We continue to be involved in the Epilepsy community, and continue to advocate for people who have seizures. This House Bill is significant because through it comes a therapeutic solution for U.S. citizens that offers tangible and evident relief from seizures which are otherwise not controlled by medicine.  There is stigma around the treatment because the oil is derived from a form of cannabis; however the amount of THC in the hybrid used is low enough to meet the federal definition of industrial hemp.  The medicine is oral and is not psychoactive.  CBD has significant neuroprotective properties, while causing fewer side effects than anti-seizure medications. 

Please show support for this bill when it comes your time to weigh in.  This bill offers hope to families whose lives are impacted by epilepsy.  This is a viable treatment to significantly reduce seizures for some people who are not otherwise able to control their seizures.  It is a safe treatment which has growing evidence of success.  

Letter: Reschedule Marijuana on DEA list of Controlled Substances

This letter is posted for reference in work I have performed or been involved in.

28 June 2014 – a letter to the U. S. Department of Health and Human Services requesting to reschedule marijuana on the DEA list of Controlled Substances


The Honorable Sylvia Mathews Burwell, Secretary
U. S. Department of Health and Human Services
200 Independence Avenue SW, Washington, DC 20201

Hello Sylvia –

I’m writing to you as a father of a daughter with cerebral palsy and epilepsy. I want to urge your support to change policies to support research of marijuana and to recommend that Attorney General Eric Holder reschedule marijuana on the DEA list of Controlled Substances to make it more accessible for compassionate use and research.

My daughter suffered an inutero stroke and was born with cerebral palsy. Her first seizures started at approximately 8 months of age and have only ever been partially controlled with a combination of prescribed medications and a ketogenic diet. The type and frequency of seizures has changed over time, and in 2010 became so aggressive that she would become unresponsive, stop breathing and turn blue during a seizure. Each time this happened we were helpless as parents. Each time it was like preparing to watch your child die in front of you. In 2011 we were fortunate that our daughter qualified for a brain surgery (Pediatric Peri-Insular Hemispherotomy) which severed the nerves connecting the stroke-damaged side of her brain. The surgery successfully stopped her seizures. It has been 2 years and 11 months that our daughter Natalie has been seizure free, and it still makes me emotional to talk about this because my family knows what it’s like to fight for someone you care so deeply about to not have seizures.

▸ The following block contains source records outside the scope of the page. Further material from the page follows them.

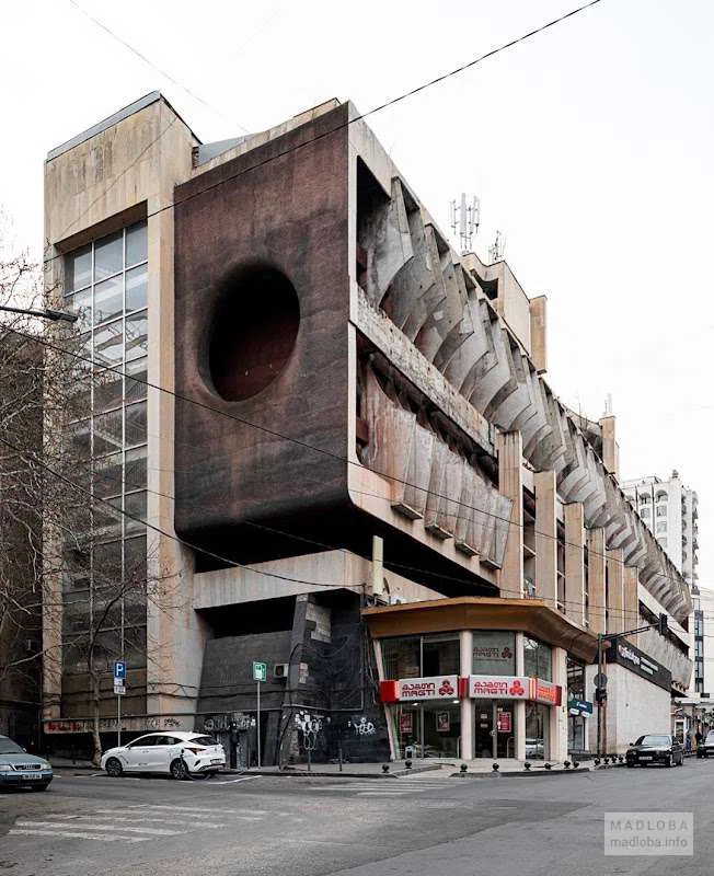 Completed in 1985, this unique building stands as a testament to the work of architect G. Bichiashvili. Known alternatively as the Technical Library, it showcases the striking Brutalist style characteristic of Soviet architecture from the former USSR.
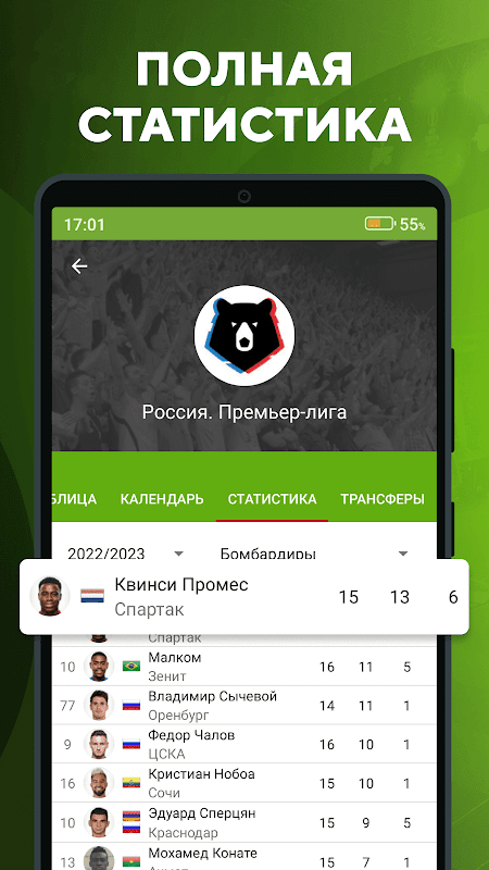 축구 방송 및 통계 RPL, Premier League, Serie A, La Liga, Bundesliga
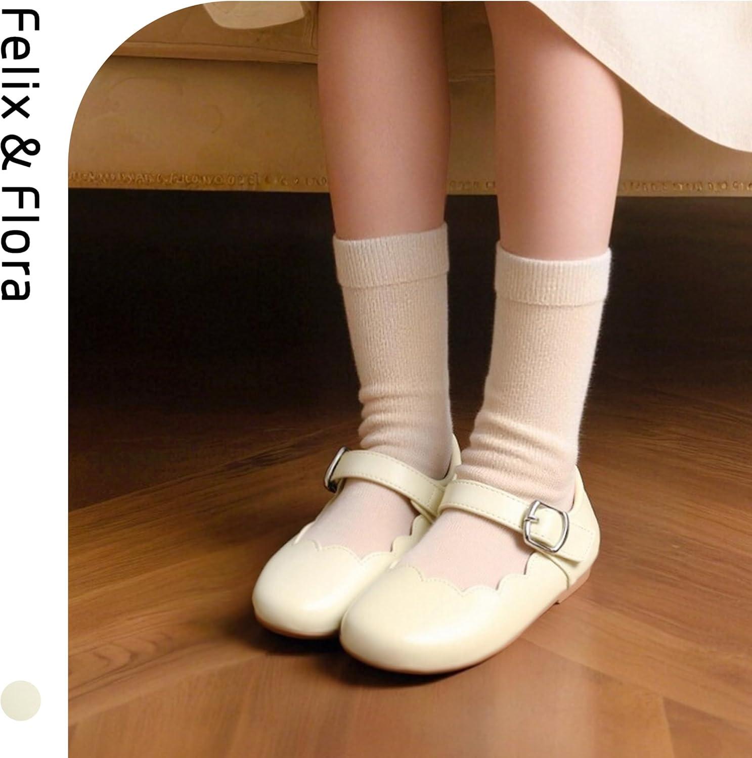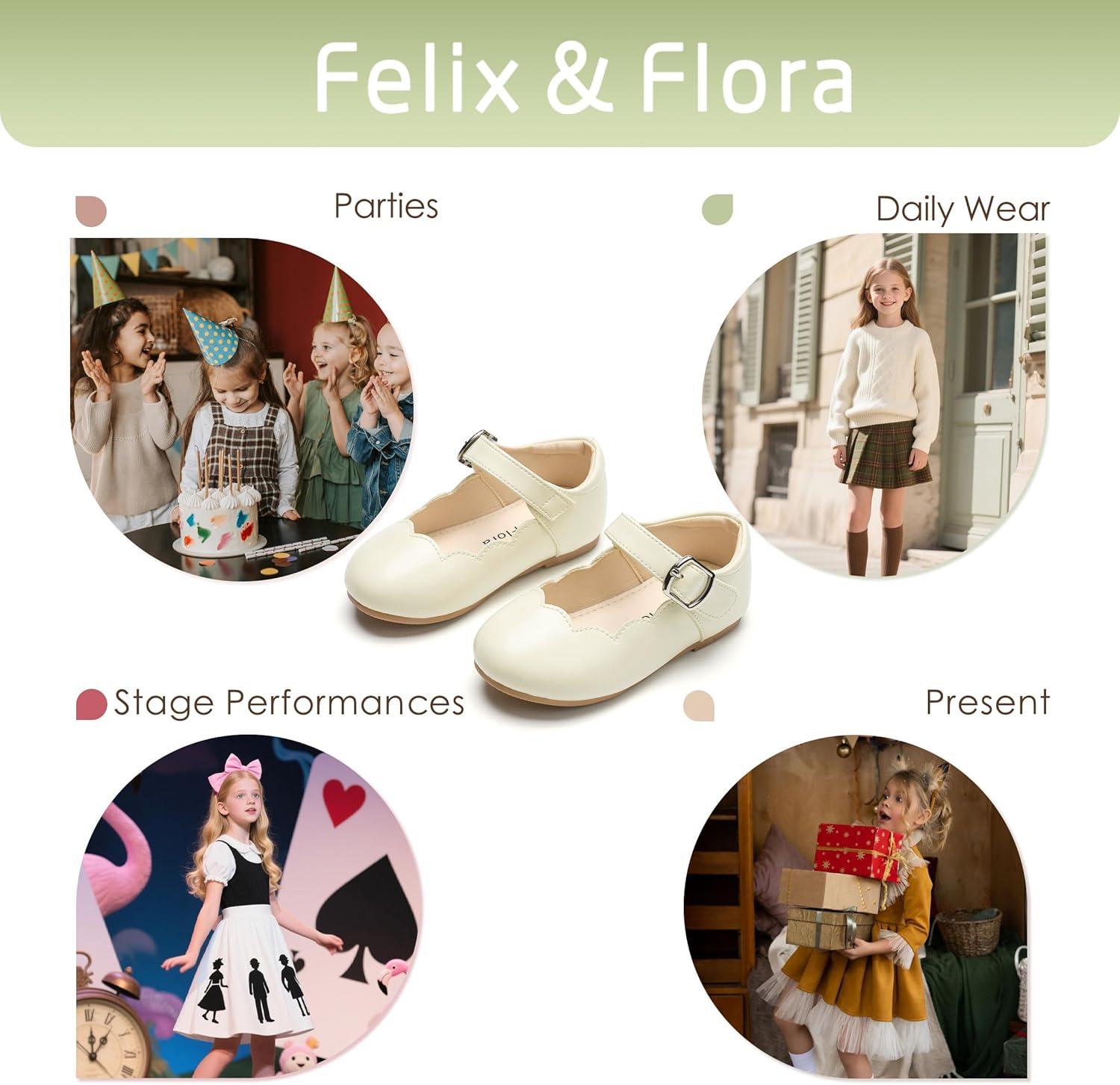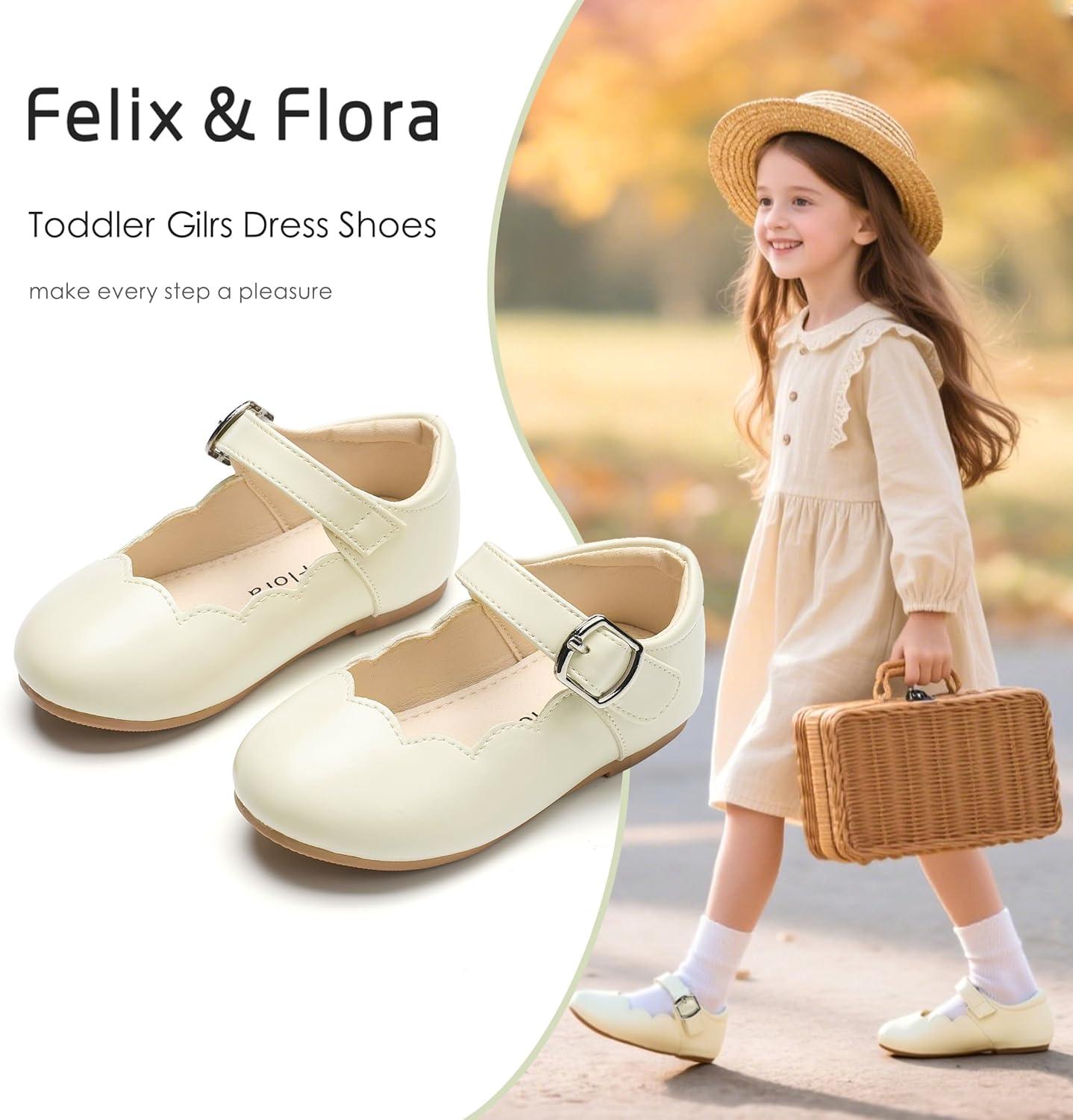 Felix & Flora Toddler Flower Girl Dress Shoes – Baby Girl Ballet Mary Jane Flats for Party School Wedding(B902-ivory White)
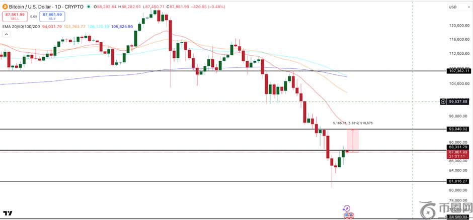 但图表上还有一个重要的考验。旗舰加密货币的价格必须突破 88,300 美元。
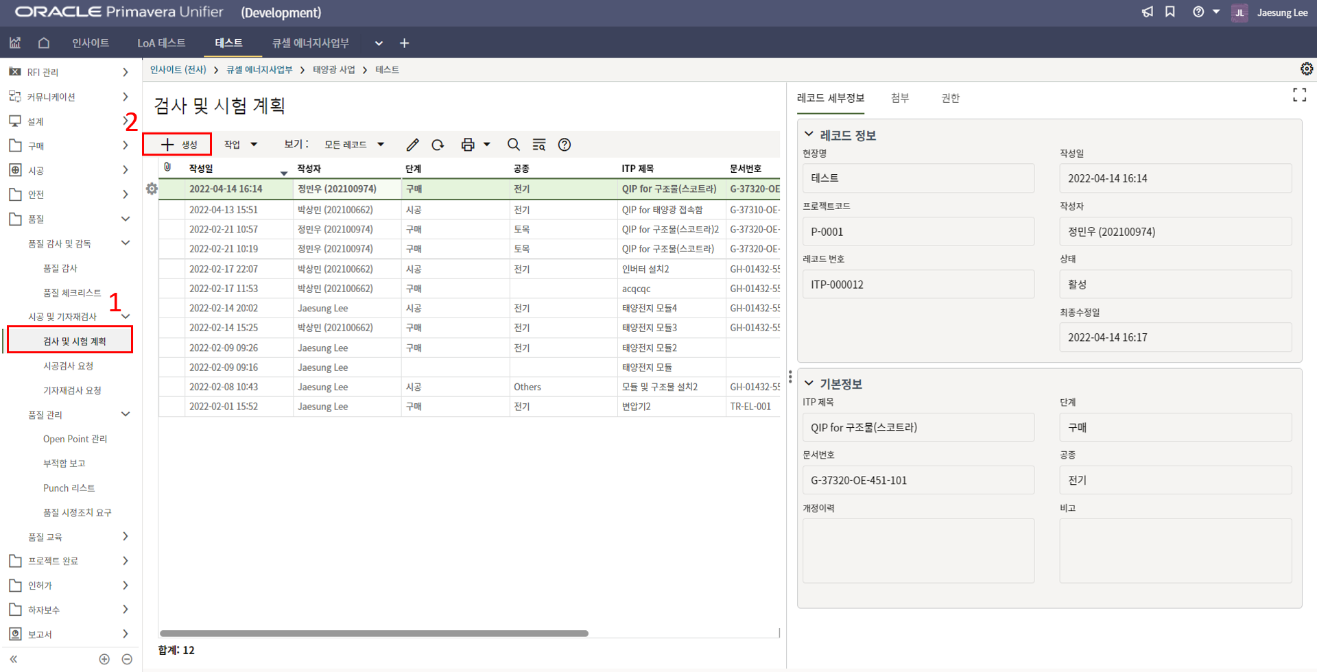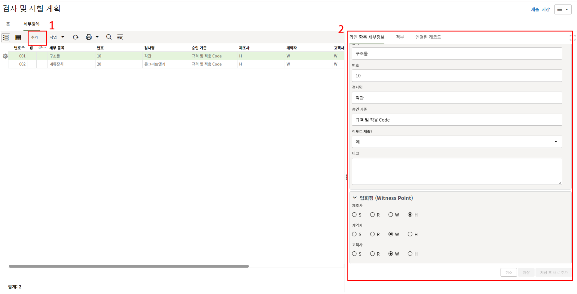 1. 검사 및 시험 계획은 '검사 ITP 항목을 저장'하는 메뉴 입니다.
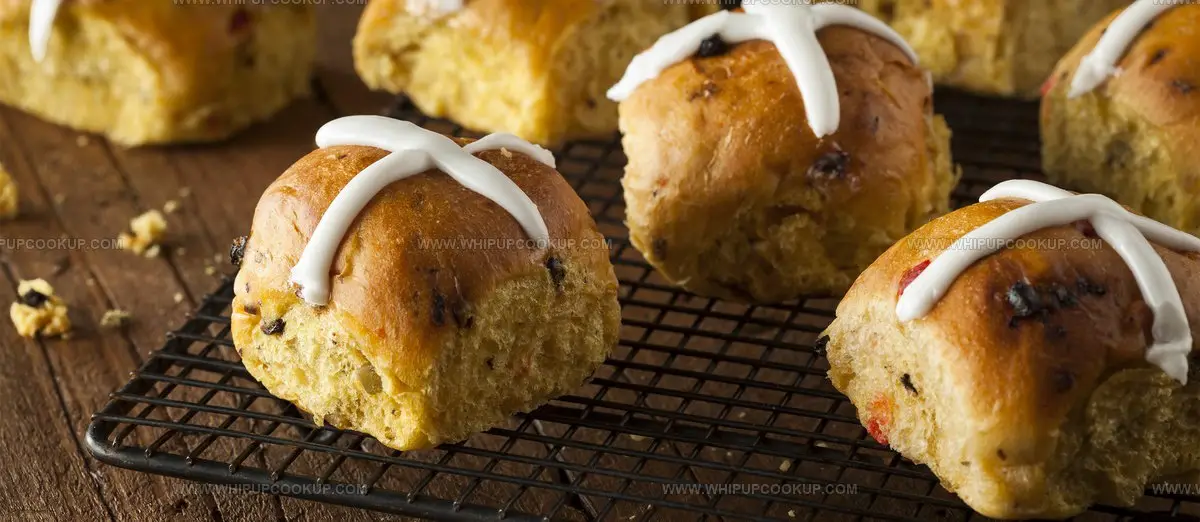 Each bun features a distinctive cross on top, created using shortcrust pastry, flour and water mixture, or icing sugar.

We continue to be involved in the Epilepsy community, and continue to advocate for people who have seizures. Utah was one of the first states to pass legislation that allowed use of CBD oil as a therapeutic solution that offers tangible and evident relief from seizures which are otherwise not controlled by medicine and diet (much thanks to Utah State Representative Gage Froerer for sponsoring HB0105S09). Still, I have friends in and out of the state who have children with Lissencephaly and Dravet Syndrome who are waiting for legislation, or are on a waiting list to be treated. I know one family that moved to Colorado just to become eligible for Charlotte’s Web. It is heartbreaking to know that there are barriers to a seizure treatment that would improve quality of life and save lives.

Please show support for research of marijuana when it comes your time to weigh in, and urge Eric Holder to reschedule marijuana on the DEA list of Controlled Substances. Your stance on this topic and changes in DEA policy can offer hope to families whose lives are impacted by epilepsy. There are viable treatments to significantly reduce seizures for some people who are not otherwise able to control their seizures.